David Eichmann
Repository Based Software Engineering Program
Research Institute for Computing and Information Systems
University of Houston - Clear Lake
Houston, TX 77586
eichmann@ricis.cl.uh.edu
Achieving the holy grail of the paperless, Webbed office doesn't make your information management problems go away, it just shifts them from your physical desktop to your virtual desktop. The Web has proven to be an incredible boon to organizations trying to share information, but it comes with a price... keeping up with the information flow and accessing what you need without being forced into exploratory navigation. We discuss our work in Web-based repositories, involving support for multiple, collaborating servers presenting a seamless integration of both data and metadata.
Stuff. Everyone's got it. And increasingly, it's digital stuff - papers, images, video clips, news feeds, email, presentation slides, scanned faxes - you name it. Achieving the holy grail of the paperless, Webbed office doesn't make your information management problems go away, it just shifts them from your physical desktop to your virtual desktop.
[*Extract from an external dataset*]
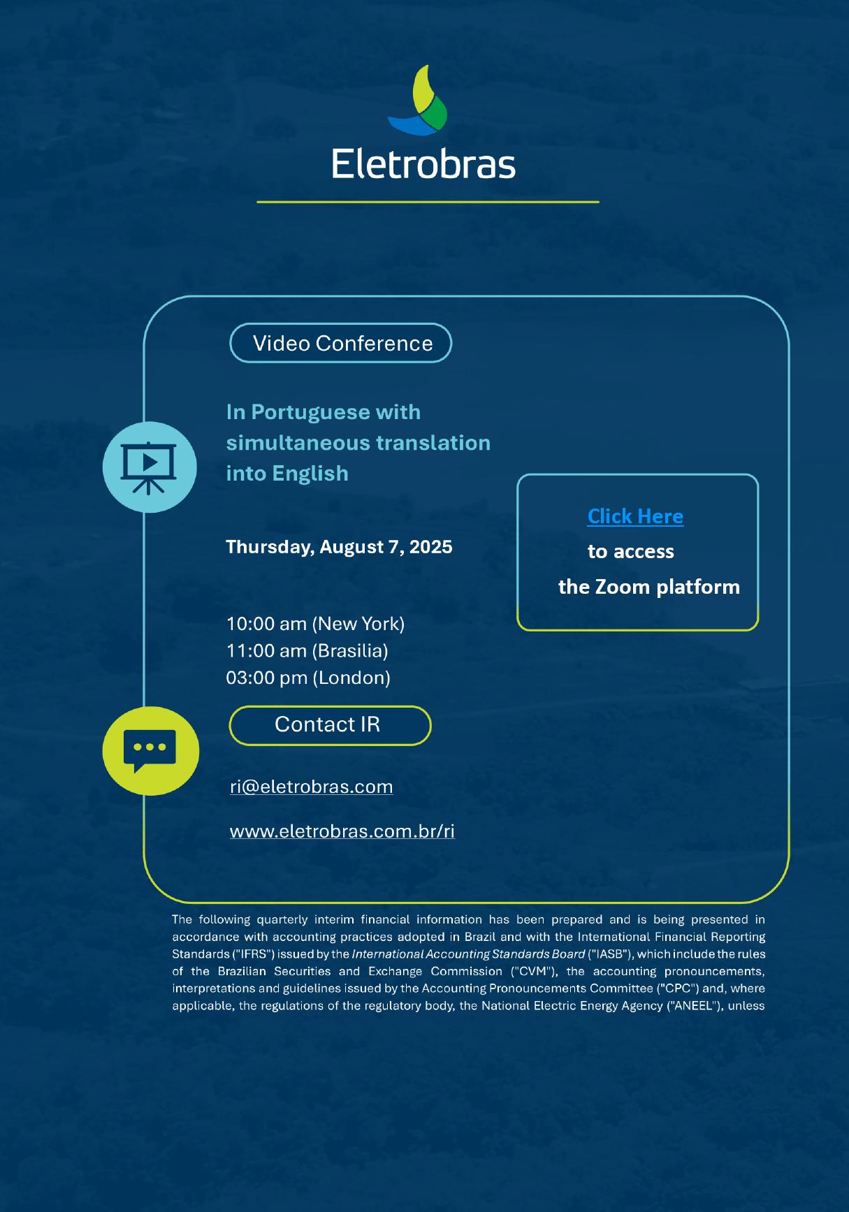 ELETROBRAS RELEASES 2ND QUARTER 2025 RESULTS

The Web has proven to be an incredible boon to organizations trying to share information, but it comes with a price... keeping up with the information flow and accessing what you need without being forced into exploratory navigation.
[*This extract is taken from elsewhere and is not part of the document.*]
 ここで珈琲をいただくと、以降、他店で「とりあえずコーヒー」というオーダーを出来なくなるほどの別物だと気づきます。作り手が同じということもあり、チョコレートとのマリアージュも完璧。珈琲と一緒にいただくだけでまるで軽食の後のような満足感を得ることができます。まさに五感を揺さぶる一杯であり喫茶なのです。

And that's what the Web is all about - access. Private search engines can ease some of the difficulties in access, but they don't do a very good job in a key dimension - they fail to provide a context for that search hit. Winnowing through hundreds or thousands (or millions!) of hits, either through brute force browsing or through trial-and-error search respecification, still leaves a significant comprehension burden on the user. The utility of 'pathfinder' pages (human maintained directories of links relevant to a given subject) provides support for this perspective; if search engines performed as well in this regard, people would not go to the effort of creating and maintaining these pages. Yahoo is a particularly visible example of this can be carried.
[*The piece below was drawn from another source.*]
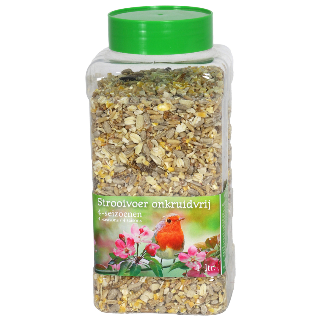 Dit speciale 4-seizoenen strooivoer is vrij van zonnebloempitschillen waardoor het direct genot biedt voor alle vogels zonder je zorgen te hoeven maken over de achtergebleven rommel, of opkomende zonnebloemen. De toegevoegde meelwormen zorgen voor de broodnodige extra eiwitten, terwijl onder andere de merels dol zijn op de toegevoegde rozijnen. Doordat alle zaden gebroken zijn, wordt wordt onkruidgroei bij de voederplek voorkomen, waardoor je tuin schoon blijft en een gastvrije plek blijft voor vogels.

Our previous work on the MORE repository [1] focused on supporting librarian teams in the creation, maintenance and evolution of Web-based repositories of metadata about Web artifacts. It supported distributed, fine-grained librarian privileges and the ability to restrict access to portions of the repository to only members of defined groups. Hence, it was technically capable of supporting a large organization in their information management activities. However, this single server approach to repository architecture was not particularly organizationally aware [2], in that it required the various components of an organization to integrate (and resolve conflicts regarding representation of) their information management requirements.
MORE version 1 supported two means of structuring a single information space. The class mechanism provided a means of shaping the metadata that MORE stored regarding an artifact, and the corresponding browser (Figure 1) provided a means of navigating up and down the class hierarchy and observing the instances of the class as sets of hyperlinks to homogeneous virtual pages. This interface provided access comparable to that provided by most object-oriented database systems.
The collection mechanism allowed librarians to define a variety of organizing schemes, all rooted in a single main collection. A metadata instance was a member of one or more collections, as information management needs demanded; and the collections could be heterogeneous (i.e., the metadata instances of a given collection could be drawn from any number of classes). Figure 2 shows the main collection of our demonstration instance.
Navigating within the collection hierarchy simply involves clicking on a particular anchor on the virtual page. As can be seen in Figure 3, users can navigate both down and up the collection hierarchy.
What we soon discovered was that our user community frequently had a need for a much more autonomous, decentralized approach to information management, particularly in large organizations where there were very different policies at the team, division and corporate levels on what and where things should appear in a repository. The role that a repository plays with respect to a software development team - that of a shared collection of new and evolving artifacts - is very different than for a division - that of a collection of a stable, trusted collection of key intellectual property.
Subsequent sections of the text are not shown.